When it gets nearer to the time of the birth of your baby, new dads want to know how they can be involved and support the mum-to-be. Here, we look at everything new dads need to know about statutory paternity leave, what it is, and all the extra info you need, such as paternity pay.
At bloss, we help you make the most of this life-changing time.
What is paternity leave?
Paternity leave is a special authorised absence from work in the early days following the birth of your baby. It’s not just there for new dads, but can actually be taken by the partner of the mother-to-be.
Paternity leave can be taken by an adopter or when a baby is born from surrogacy too. Here we use ‘new dads’ as shorthand, but really, it’s important to remember that paternity leave is there for the primary supporter of the mother, or the person who will be in the second parental role for the newborn.
Paternity leave is there for two main reasons: to bond with the little one and help with their care, and to support the new mother.
In the UK, there is statutory paternity leave. This is the legal entitlement for time off after the birth.
So, how does paternity leave work?
How much paternity leave are fathers entitled to in the UK?
First, let’s look at how long paternity leave is. New dads are entitled to up to two consecutive weeks of paternity leave. However, this does depend on how long you’ve been working for your employer and that you meet eligibility criteria. Rules are different for adopters.
Regardless of whether you have a newborn singleton or multiples, statutory paternity leave stays the same. In addition, new dads are entitled to time off for two antenatal appointments.
During statutory paternity leave, your employment rights are protected. This means that things like your holiday allowance will continue to accrue, and you cannot miss out on things like pay rises or promotions because of it.
As a new dad, you’re eligible for paternity leave as long as you’ve worked for your employer for 26 weeks by the end of the 15th week before the week your baby is due. That can sound quite complicated, so it’s always worth getting HR or your line manager to check your dates.
Many employers go beyond the basic rules for paternity leave, and also for paternity pay, so do check out your company’s specific policy to see if they offer enhanced benefits.

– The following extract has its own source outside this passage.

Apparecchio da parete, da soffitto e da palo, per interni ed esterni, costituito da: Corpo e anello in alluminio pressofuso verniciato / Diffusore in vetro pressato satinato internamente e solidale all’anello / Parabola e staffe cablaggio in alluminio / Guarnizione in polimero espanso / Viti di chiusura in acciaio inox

If you need more time off than paternity leave allows, you’ll need to look at other options including unpaid statutory parental leave (up to 18 weeks to be used by the time the child is 18) and Shared Parental Leave (up to 50 weeks and 37 weeks of pay between parents following the birth). If you’re unsure how you and your partner can best use your time off allowances and secure your careers, you may be interested in Parental Leave Coaching.
Is paternity leave paid?
Of course, while becoming a new dad is one of the most exciting times in a parent’s life, it can also be one of the most expensive times too. You’ll need to know if your paternity leave is paid.
By law, if you are eligible for statutory paternity leave, you’ll be entitled to paternity pay as long as you earn more than £123 per week. Statutory Paternity Pay (SPP) is paid by the government at a fixed rate or 90% of your average earnings (using whichever is lowest). In reality, paternity leave pay is usually well below your usual earnings. As such, you will need to budget to take this time off. Some employers, again, offer more.
Check your company’s paternity pay policy to see if they offer more than the statutory amounts. Paternity leave is paid by your employer and is subject to tax and National Insurance.
Can I get self-employed paternity leave?
Currently, there’s no UK equivalent of statutory paternity pay for those who are self-employed, unlike with maternity allowance. This also means that most contractors and agency workers aren’t entitled to paternity leave either.
If you are self-employed and soon to be a new dad, you’ll need to make your own arrangements to balance your income with any time off you have when your baby is born.
How can you take paternity leave?
Paternity leave is a standalone leave allowance. This means that it is in addition to any holiday allowance, or even parental leave. However, you have to take it as either one or two whole weeks. If you take two weeks, these must be consecutive.
You must notify your employer in plenty of time of your intention to take paternity leave and to claim SPP. You must do this at least 15 weeks before the baby is due. If you are adopting then this again is different, and you will need to tell your employer either 28 days before you want your paternity leave to start, or within seven days of the adoption agency telling you of the match.
When does paternity leave start?
You’re not allowed to start paternity leave before your baby is born. If you need time off to support the pregnant mother shortly before the birth, you’ll need to make other arrangements. For example, you may be able to use unpaid Emergency Leave if she is unwell and needs to be taken to hospital.
You can take paternity leave immediately after the birth, or at any point as such that it ends within 56 days of the birth. This is a little different if your baby is born premature. In this case, you must have completed your paternity leave within 56 days of the due date.
Who qualifies for paternity leave?
As stated at the beginning, it’s not just new biological dads who qualify for paternity leave. You’re also eligible if you are the child’s adopter or intended parent (in the case of surrogacy). If you are the baby’s mother’s partner, husband, or wife, you also qualify for paternity leave.